- Born: Ingela Maria Kristina Rådsten 6 April 1966 (age 59)
- Genres: ethnopop
- Occupation: singer

= Maria Rådsten =

Musical artist

Ingela Maria Kristina Rådsten-Ekman (born 6 April 1966) is a Swedish singer.

She began her musical career with the group Peter's Pop Squad. Later, she would become part of One More Time, with which she achieved great international success.

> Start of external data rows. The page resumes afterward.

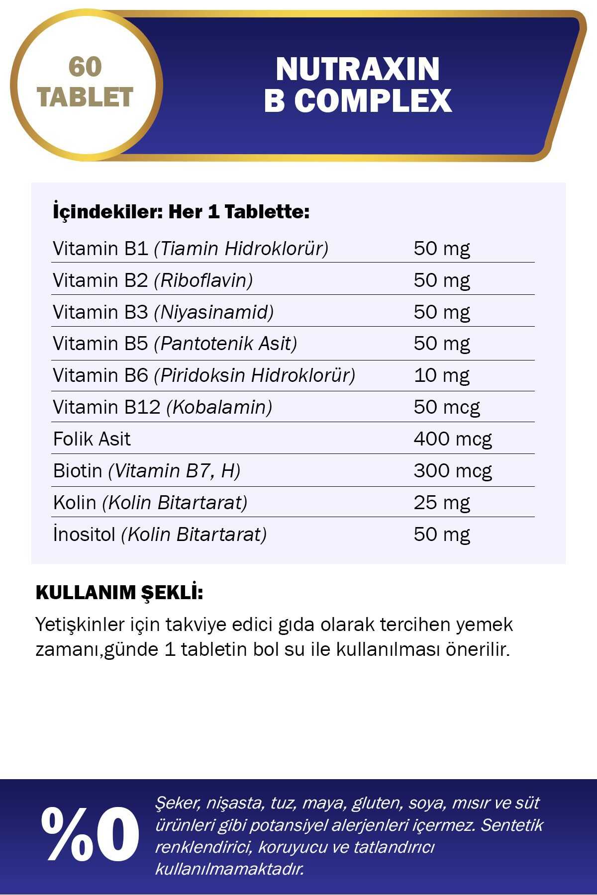 Nutraxin B Complex; B1, B2, B3, B5, B6, B12 ile birlikte folik asit, biotin, kolin, ve inositol vitaminlerinden oluşan karışım üründür.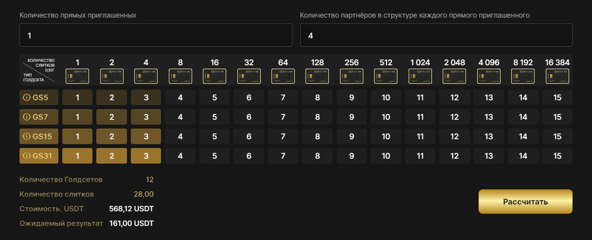 Калькулятор работает из расчёта одинаковых сумм активаций голдсетов всеми указанными партнёрами вашей структуры. Если сумма вашей активации 1000 USDT, то и расчёт будет производиться из расчёта 1000 USDT каждым указанным вами участником программы.
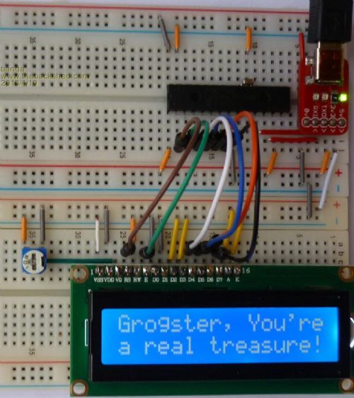 Banda, I have run the test listed above on a 28 pin uMiteII connected to an LCD and here are the voltages at the successful conclusion of the run: LCD pin 1: 0 volts LCD pin 2: 5.1 v - 3.3 volts did not work with any LCD device I tried LCD pin 3: 1.08 v LCD pin 4: 3.28 v LCD pin 5: 0 v LCD pin 6: 0 v LCD pins 7, 8, 9, 10: 4.98 v - They are unconnected in my setup LCD pin 11 & 12: 0 v LCD pin 13: 3.28 v LCD pin 14: 0 v I have tried this test on a number of different LCD modules and had to adjust the potentiometer slightly to get a visible display. The voltage on pin 3 of the LCD ranged between 0 volts and 1.2 volts across the different displays. Voltages higher that 1.5 volts completely blank out the characters. I hope this information helps you get your test running. Regards, -- SiNut The test runs correctly on the following LCD devices: LCD Type Model Number Other information 8 x 2 Microtips NMTC-S0802 Controller unknown, Mouser item 668-NC-S0802XFGNSAY 16 x 1 Data Image CM160100 Controller unknown, http://www.bfdisplay.fr/fiches-techniques/monochromes/DATA IMAGE - CM160100SFAYA-01.pdf 16 x 2 Varitronix MDLS16265LVG Samsung KS0065B, Mouser item 825-DS16265 16 x 2 Pacific Display CDM-16252 Controller ST7066U, http://www.pacificdisplay.com/cdm/CDM-16252.pdf 20 x 4 EDT 20-20072 Controller unknown, eBay items 151114780611 and 371245172693 24 x 2 PC-016ATE Hitachi HD44780A00, eBay item 320859508138 40 x 2 Seiko L4042 Hitachi HD44780A00, http://public.beuth-hochschule.de/~liebmann/webmc6/seiko manual_kurz.pdf |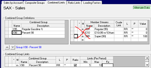 Compare the base case data in the panel on the right to the alternate case data in the panel on the left. The alternate case uses and displays the same data records as the base case, except where a value in the row has been changed. Those rows are marked with an “m”. Some limits have been added to the existing rows. You can sort on the “M” column in any grid; "Ascending" will cluster the modified records at the top. If you right-click on any one of these rows, you can choose to “Revert Back to Base Case Data". If you right-click on an “m” row and the revert is not offered, then the record has been added in the alternate case and does not have corresponding base data.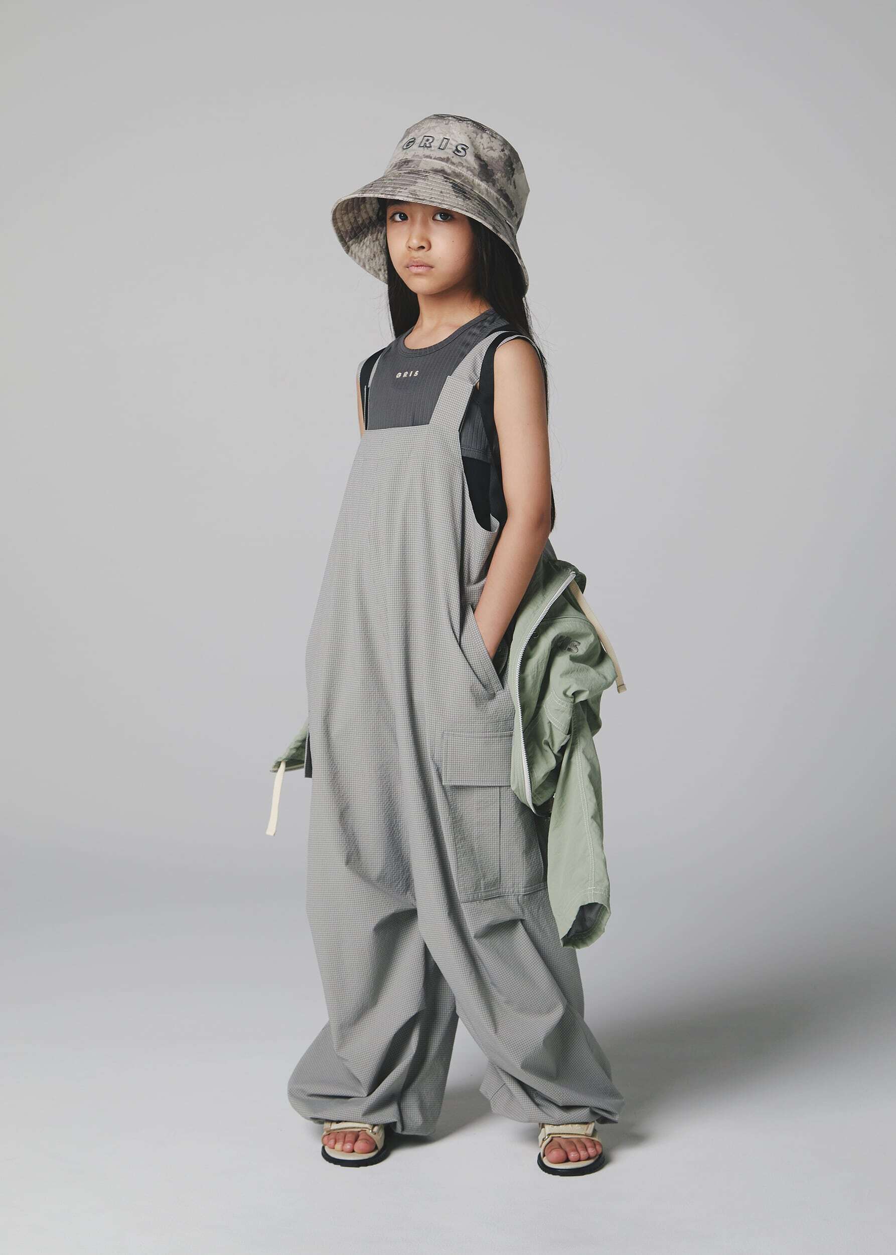 GRIS(グリ)は、フランス語で"くすんだ""グレー"を意味する言葉。2017年にUNIVERSAL DRAFTINGの井上氏が、「自分が気に入る子供服を作る」という想いからスタートしたブランドです。年齢、アイテム、性別の枠を超えたボーダーレスなデザインが特徴。ファッションだけでなく、建築やアートとも共鳴する洋服作りを目指しています。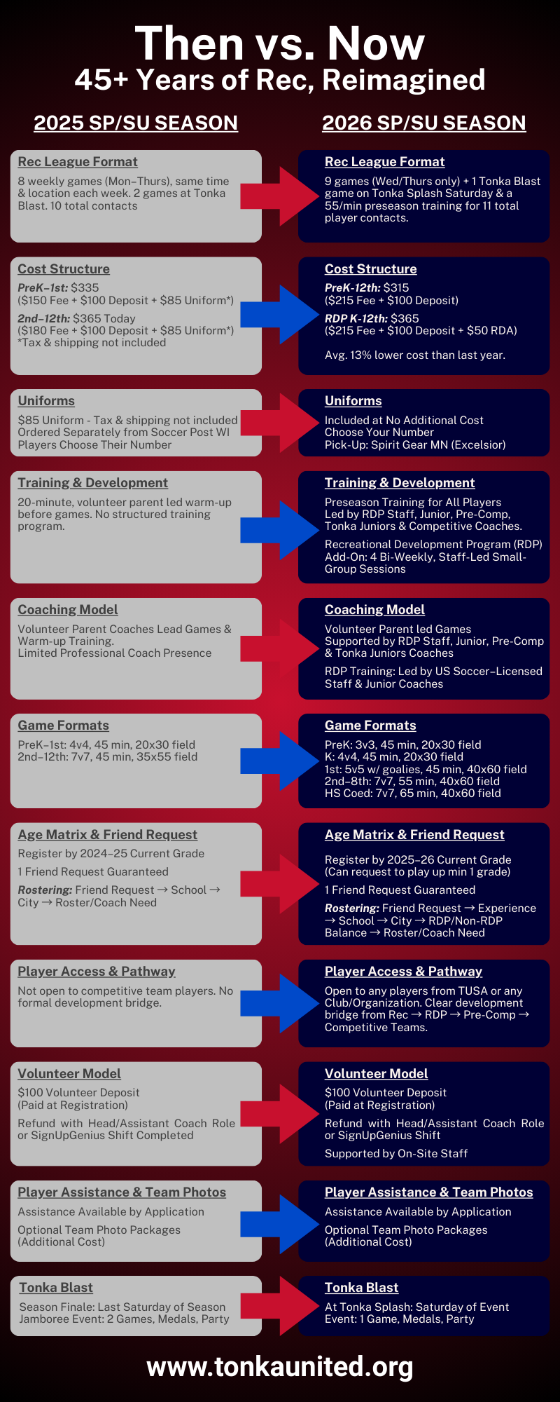 For just $50 more than Rec League, the Tonka United Recreational Development Program (RDP) adds 4 US Soccer license Staff Coach led training sessions to your player’s season, bi-weekly, delivering more touches on the ball, structured development, and a clear pathway toward Pre-Comp and Competitive Team opportunities, all while staying on the same team with friends. Learn more and explore RDP on our RDP webpage.
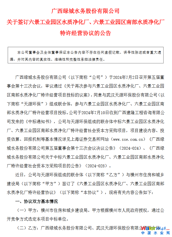 北極星水處理網獲悉,綠城水務公布,近日,公司與天源環(huán)保組成的聯合體(以下簡稱“乙方”)與橫州市住房和城鄉(xiāng)建設局(以下簡稱“甲方”)簽訂了《六景工業(yè)園區(qū)水質凈化廠、六景工業(yè)園區(qū)南部水質凈化廠特許經營協議》。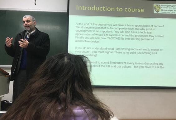 今年会国教学院车辆工程17级的同学们迎来了一位风趣的新老师,来自合作方英国威尔士三一圣大卫大学的Chris教授。他将给同学们带来为期三周的CAD/CAE课程教学,让同学们真正地了解并感受国外的教学方式和内容,为今后出国留学打下基础。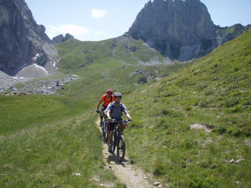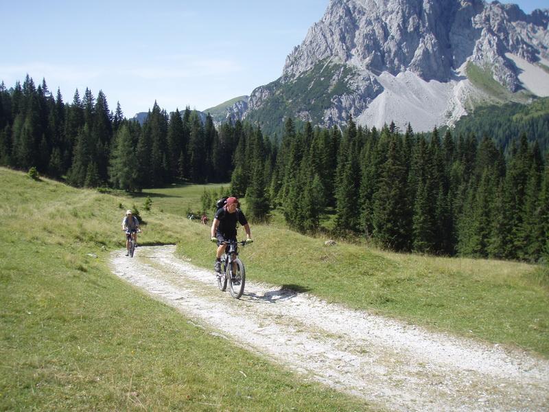 V nedeljo smo naredili turo v Karnijcih. Pot do izhodišča je kar dolga (200km). Nazaj pa isto samo vleče se pa dvakrat dlje:( Tura je bila pa lepa in predvsem razgledna. Štartali smo iz Forni Avoltrija, mimo izvira Piave, na prelaz Sesis (2311m) od tu pa spust do avta. Vmes so imeli na eni koči roštiljado in musko z DJ-jem. Spodnji del poti pa so uničili gozdarji in so lepo singlco spremenili v cesto in gradbišče(: Sicer pa smo naredili 27km in 1500 višincev. Spodaj je bilo precej toplo, proti vrhu pa je bila temperatura bolj znosna in še veterc je pridal svoj delež za ugodje. Tura je gor v glavnem vozna razen zadnji del ceste, ki je zelo strm in je vozen le za trmaste, zadnjih 150 višincev pa smo nosili. Spust pa je takoj s prelaza kar zahteven (jaz sem šel peš), potem pa je vozen. Spodnja polovica je po planinski cesti in je bila vožnja precej hitra.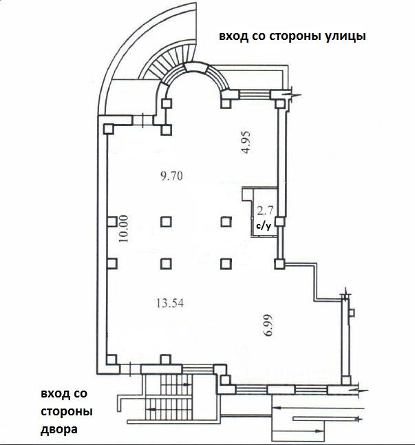 Два входа: со двора и со стороны реки (то есть с улицы). Свободная планировка.

She has participated four times in the Melodifestivalen:

- As a solo artist in Melodifestivalen 1992, with the song "Vad som än händer" ("Whatever Happens"), achieving third place.
- As a songwriter in Melodifestivalen 1995, as the author of the song "Det Vackraste" ("The Most Beautiful Thing"), finishing at second place.
- With One More Time in Melodifestivalen 1996, with the song "Den Vilda" ("The Savage"), winning the contest and later participating in the Eurovision Song Contest 1996, where they reached third place.
- In Melodifestivalen 2003, in the choir behind Nanne Grönvall and her song "Evig Kärlek" ("Eternal Love").

In 2003, she released a new single called "Head Over Heels", as a calling card of sorts for her new album. However, the album's release was canceled, after more than seven years of work.